When the inevitable happens and a family member is hospitalized, you can observe hospital etiquette to maximize the experience for the patient, the staff, and yourself.

Anyone who has ever had a loved one spend an extended period in the hospital is familiar with hospital etiquette. Although many health care facilities no longer have set visiting hours, there are still rules and expectations for the family members who wait through a surgery, for a newborn to arrive, or have someone in an ICU Unit. Whether a sudden illness, accident, or chronic condition brings someone into the hospital, gathering together to wait is often standard procedure for most families.

Basic Knowledge For While You Wait

Hospitals normally have special waiting areas set aside for the families of patients. Depending on the size of the facility there may be separate waiting rooms for ICU families, for OB families, for surgery, and for other areas of the hospital. Small hospitals may combine one area into waiting for more than one procedure, i.e. a surgery and ICU waiting room may be one and the same.

Such rooms normally offer both telephone and television, magazines, couches and chairs. Often a restroom is adjacent. Some may provide hot coffee or other beverages. Increasing numbers will provide hand sanitizer dispensers on the walls of waiting rooms, restrooms, and patient rooms. It's wise to use the sanitizer to prevent carrying disease into or out from the hospital. Vending machines are often found nearby so carry a pocket of changes or small bills to get change. Most hospitals fill vending machines with fruit juices and bottled water in addition to soft drinks. Some vending machines may even offer fresh salads, sandwiches, or microwavable items that may include soups, pocket sandwiches, or fruit bowls.

Many facilities also will offer an in-house cafeteria on the lower floors with hot meals and sandwiches. Even smaller institutions may offer meals during limited hours. Gift shops where fresh or silk flowers, balloons, cards, and other items can be bought are also common.

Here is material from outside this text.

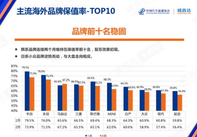 这份榜单我认为是没有问题的,是比较客观的调研机构出品的。丰田,本田在国内本身也是比较保值的。马自达,三菱,斯巴鲁,mini在国内的销量并不是很好,导致在国内的二手车保值率也不是很出色,所以这份榜单和国内的情况其实是有点差距的。当然了,日产,大众,现代,起亚,它们的排名相对来说还是比较客观的。

Remember that waiting rooms are to be shared. It's likely that families will share the facilities with others so remember to be patient and polite. Don't abuse telephone privileges by hogging the phone - others may need to use it. Keep television volumes at acceptable levels - the sound may be grating to worried family members and could carry down adjacent hallways to bother patients. If seating space is limited, suggest that some family members visit the cafeteria, seek out another waiting room, or take time to visit the chapel if one is on site.

Hospitals are quiet zones so use low voices and avoid wearing anything but soft soled footwear. Bring as little as possible along - a book if it helps to pass the time, or a crossword puzzle - but don't spread a project over common surfaces. Don't carry a large amount of items into the facility. It makes for more to keep track of later and items left may unfortunately be lost or even stolen. Don't bring large amounts of money along or valuables. Remove any valuables (including wedding rings, watches, money, billfolds, or other items) from the patient upon admission.

Although most facilities allow beverages into waiting areas, ask to make certain. Some areas - such as emergency - may forbid any food or drink. Don't carry meals into the waiting areas but visit the in-house cafeteria or snack bar or leave the building to grab a bite. Never bring food or drink into a patient room without checking with nursing staff to make sure it is allowed. By the same token, don't offer a patient food or drink unless it has been approved by someone in authority, preferably the doctor.